Updated test file to include a run for a machine with slow 32-byte mem accesses (currently that's just SandyBridge / IvyBridge), but I've used the target attributes directly to make the difference explicit.

Tested with some basic internal tests - no problems encountered (and folding seems to work well too).

I also tested integer (i64, i32, i16, i8) sequential loads and that optimized as expected too - not sure if its worth adding tests for these or not?

Come to think of it I should have tested D6492 as well while I was doing these......

LGTM

This revision is now accepted and ready to land.Dec 5 2014, 11:03 AM

Hi Sanjay,

The patch LGTM too.
Thanks!

Closed by commit rL223518 (authored by @spatel).

In D6536#7, @RKSimon wrote:

Tested with some basic internal tests - no problems encountered (and folding seems to work well too).

I also tested integer (i64, i32, i16, i8) sequential loads and that optimized as expected too - not sure if its worth adding tests for these or not?

Thanks - committed at r223518.

I think we're ok without testing every type, but this does raise a potential corner case for an AVX-only machine: is it perf worse to use a 32-byte FP store when dealing with ints? Ie, is there a domain-crossing penalty for a store of the 'wrong' type? Would we ever have a 32-byte vector of ints incoming to this code on an AVX-only machine?

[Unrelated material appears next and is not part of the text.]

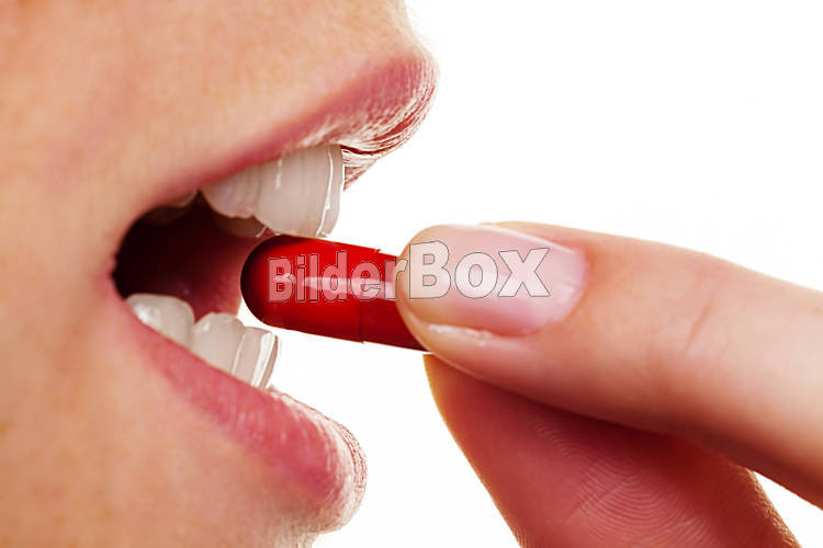Beschreibung Eine Frau nimmt die Kapsel einer Tablette ein. Medizinische Versorgungsmedikamente

In D6536#15, @spatel wrote:

I think we're ok without testing every type, but this does raise a potential corner case for an AVX-only machine: is it perf worse to use a 32-byte FP store when dealing with ints? Ie, is there a domain-crossing penalty for a store of the 'wrong' type? Would we ever have a 32-byte vector of ints incoming to this code on an AVX-only machine?

The get/setExecutionDomain code should deal with domain crossing of load/stores as well as bitwise ops. If the incoming AVX1 code has gone to the trouble of wanting to load integers into 256-bit vectors then we have to assume that it knows what its doing - hopefully performing float domain only ops, although shuffles might be an issue.

Revision Contents

Path

Size

lib/

Target/

X86/

X86ISelLowering.cpp

7 lines

test/

CodeGen/

X86/

vec_loadsingles.ll

105 lines

Diff 16972

lib/Target/X86/X86ISelLowering.cpp

This file is larger than 256 KB, so syntax highlighting is disabled by default.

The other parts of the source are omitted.